» TASK REQUIREMENTS:
Within the material below, locate the line with "经典佛跳墙 Traditional Buddha Jumps Over the Wall" and the line with "IDVA VSO Team", then return those two lines and all lines between them, exactly as written.

─── THE INPUT

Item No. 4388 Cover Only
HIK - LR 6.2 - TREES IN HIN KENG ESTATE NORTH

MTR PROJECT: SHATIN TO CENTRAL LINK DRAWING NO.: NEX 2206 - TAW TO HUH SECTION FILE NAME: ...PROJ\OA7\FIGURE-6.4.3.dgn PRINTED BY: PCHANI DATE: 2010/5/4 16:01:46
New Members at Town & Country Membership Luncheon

──────
─── THE INPUT

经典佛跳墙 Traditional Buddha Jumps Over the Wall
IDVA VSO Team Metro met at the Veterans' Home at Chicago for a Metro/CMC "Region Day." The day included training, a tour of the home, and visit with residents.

──────

» TASK ANSWER:
经典佛跳墙 Traditional Buddha Jumps Over the Wall
IDVA VSO Team Metro met at the Veterans' Home at Chicago for a Metro/CMC "Region Day." The day included training, a tour of the home, and visit with residents.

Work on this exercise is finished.